National brain tumour research funding needs to increase to £35 million a year
Student set to graduate after studies halted by brain tumour
A 22-year-old student, who is on track to graduate after halting his studies during treatment for a brain tumour, is sharing his story this Brain Tumour Awareness Month.
Ned Hilton was enjoying his first year of student life when, in 2017, he noticed a change in the hearing of his right ear. After returning from a period of studying abroad, Ned was referred for an MRI scan. He said: “As I began the second year of my degree, I never imagined I’d receive news that I had a brain tumour.”

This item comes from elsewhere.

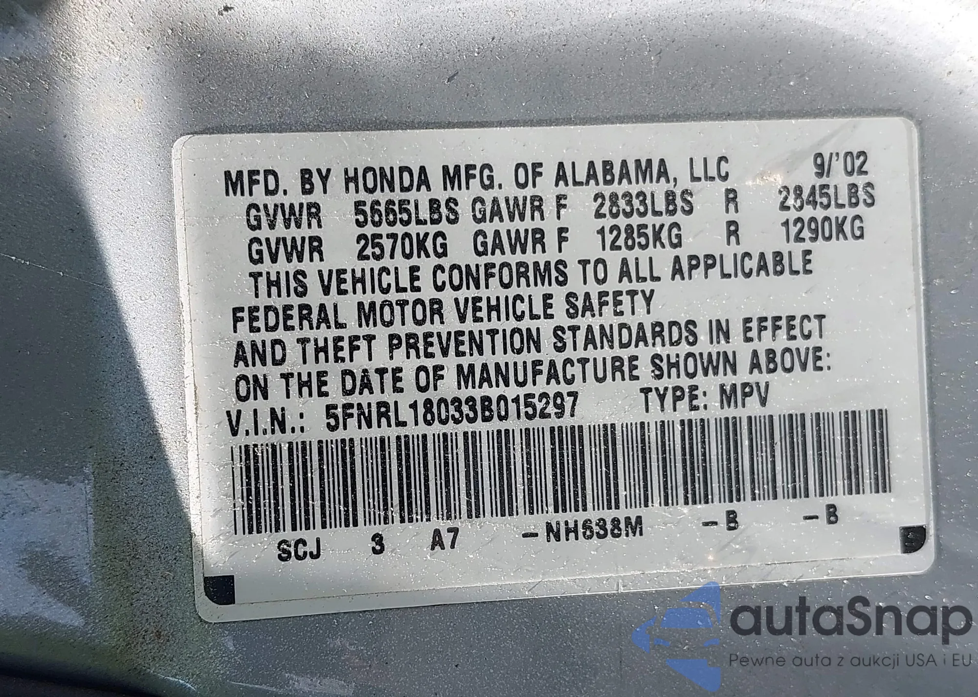 • VIN 5FNRL18033B015297

Initially, Ned was told that the tumour was a low-grade acoustic neuroma, but a subsequent MRI scan showed that the diagnosis was more serious than first thought and a biopsy revealed that it was a grade 4 medulloblastoma. Ned underwent two surgeries, followed by radiotherapy and chemotherapy and, in March 2020, his scan results were clear.

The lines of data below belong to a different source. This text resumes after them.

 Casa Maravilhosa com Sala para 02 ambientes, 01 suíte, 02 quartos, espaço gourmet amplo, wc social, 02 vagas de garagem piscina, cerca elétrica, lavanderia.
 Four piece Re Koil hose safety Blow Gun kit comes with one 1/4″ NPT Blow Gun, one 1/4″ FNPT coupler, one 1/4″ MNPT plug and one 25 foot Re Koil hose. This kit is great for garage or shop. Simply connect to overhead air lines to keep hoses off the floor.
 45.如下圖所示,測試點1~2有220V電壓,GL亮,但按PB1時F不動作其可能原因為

During Facial Palsy Awareness Week, Ned has shared how he suffered from drooping on one side of his face as a result of his tumour and invasive surgeries. He has undergone further surgery to repair the nerve endings and with the support of facial physio, he continues to regain control of his face.

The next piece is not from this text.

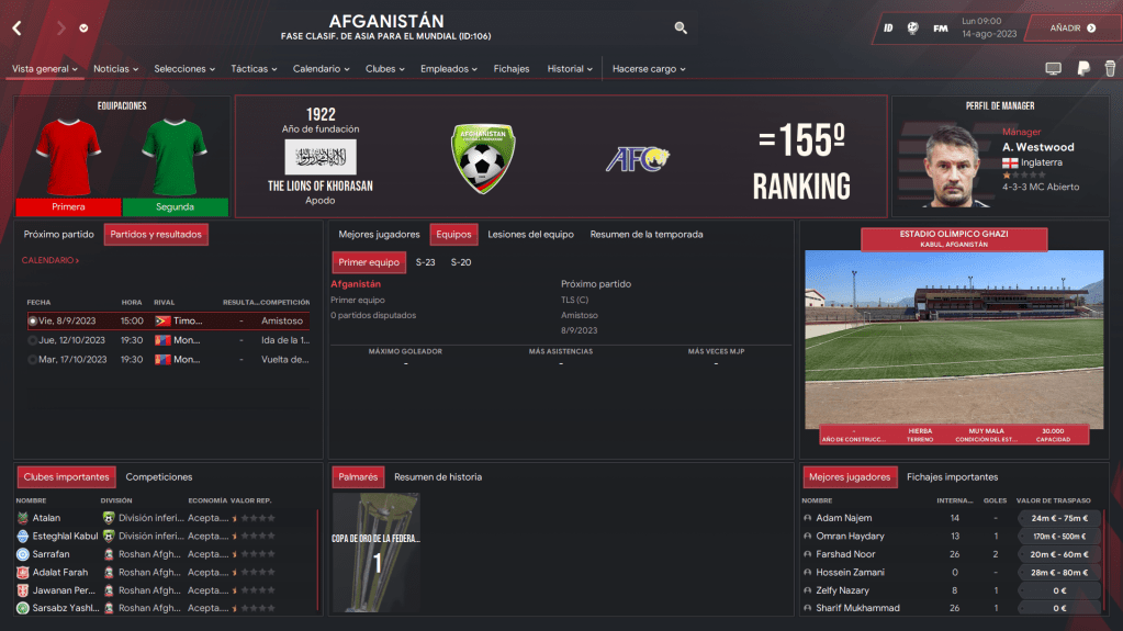 Afganistán en el Football Manager

Having taken a leave of absence from his degree, Ned returned to university last September to continue studying for a Bachelor of Arts (BA) in Modern Languages at the University of Birmingham. He has already defied the odds, studying abroad as part of his placement year and is set to graduate next summer.
He added: “This was my way of saying to the world: ‘yes, I am a slightly different person but my ambitions are still the same’.”